In [2]:
import numpy as np
import datetime

The board will be represented by a 3x3 matrix, with components -1, 0 or 1. -1(1) corresponds to player -1(1), and 0 to an empty square. The board shall be saved in the self.board at all times.

A state is the same as the board, with a main difference: -1(1) corresponds to the mark of the current(opponent) player.

A play is a 3x3 matrix with all zeros except one component.

In [18]:
class Board(object):
    def start(self):
        self.board = np.zeros(3, 3)
        return self.board.flatten()

    def current_player(self, state):
        """
        Gets the current player number ::cplayNum::
        """
        whos_turn = np.sum(np.abs(state))
        if whos_turn%2 == 0:
            cplayNum = -1
        else:
            cplayNum = 1
        return cplayNum

    def next_state(self, state, play):
        """
        Takes the game state, and the move to be applied, returns the new game state.
        """
        new_state = state + play
        return new_state

    def legal_plays(self, state):
        """
        Takes the game state and returns the possible legal plays
        """
        idx = np.where(state == 0)[0]
        empty_play = np.zeros(9)
        new_plays = []
        for i in idx:
            copy = empty_play[:]
            copy[i] = -1
            new_plays.append(copy)
        return new_plays

    def winner(self, state):
        matrix = state.reshape(3,3)
        if np.any(matrix.sum(axis=0) == 3) or np.any(np.trace(matrix) == 3) or np.any(np.trace(np.fliplr(matrix)) == 3):
            # player 1 wins
            winner = 1
        elif np.any(matrix.sum(axis=0) == -3) or np.any(np.trace(matrix) == -3) or np.any(np.trace(np.fliplr(matrix)) == -3):
            # player -1 wins
            winner = -1
        elif np.where(state == 0)[0]:
            # game still ongoing
            winner = 0
        else:
            # game is a draw
            winner = 2
        return winner
    
    def stringRepresentation(self, state):
        return ''.join([str(x) for x in state])

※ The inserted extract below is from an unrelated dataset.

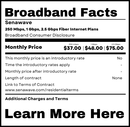 Know what you’re getting when you sign up with any of the Internet Service Providers on our network! Click on a provider’s label to see their full Broadband Consumer Label.

The Monte Carlo part follows this convention:

The Deep Boltzmann Machine (DBM)  takes states of the board $s$, by doing $f_\theta:s\mapsto (v_\theta(s), \vec{p}_\theta(s))$, and outputs the board evaluation $v_\theta(s)\in[-1,1]$ (this may need to be adjusted in the DBM class that Juan Florez is writing), and a move policy $\vec{p}_\theta(s)$.

When training the DBM, for each game we give it data of the form $(s_t, \vec{\pi}_t, z_t)$ for all states $s_t$ indexed by $t$. $\vec{\pi}_t$ is an estimate of the move policy from state $s_t$, and $z_t=-1,0,1$ is the outcome of the game, as seen by the player to play at time $t$. Therefore the DBM loss function is
$$
l = \sum_t \left[\left(v_\theta(s_t)-z_t\right)^2-\vec{\pi}_t\cdot \log(\vec{p}_\theta(s_t))\right]
$$

Let $Q(s,a)$ be the expected reward for making play $a$ from state $s$; $N(s,a)$ the number of times $a$ was played from $s$ across all simulations; $P(s,a)$ the probability that $a$ is played from $s$ according to the DBM. Therefore, the confidence upper bound is

$$
U(s,a) = Q(s,a) + c P(s,a) \frac{\sqrt{\sum_b N(s,b)}}{N(s,a)+1},
$$

where $c$ is a constant that tunes the degree of exploration within the tree of moves.

In [6]:
import math
import numpy as np
EPS = 1e-8

class MCTS():
    """
    This class handles the MCTS tree.
    """

    def __init__(self, board, nnet, num_sims):
        self.board = board
        self.nnet = nnet
        self.num_sims = num_sims
        self.Qsa = {}       # stores Q values for s,a (as defined in the paper)
        self.Nsa = {}       # stores #times edge s,a was visited
        self.Ns = {}        # stores #times board s was visited
        self.Ps = {}        # stores initial policy (returned by neural net)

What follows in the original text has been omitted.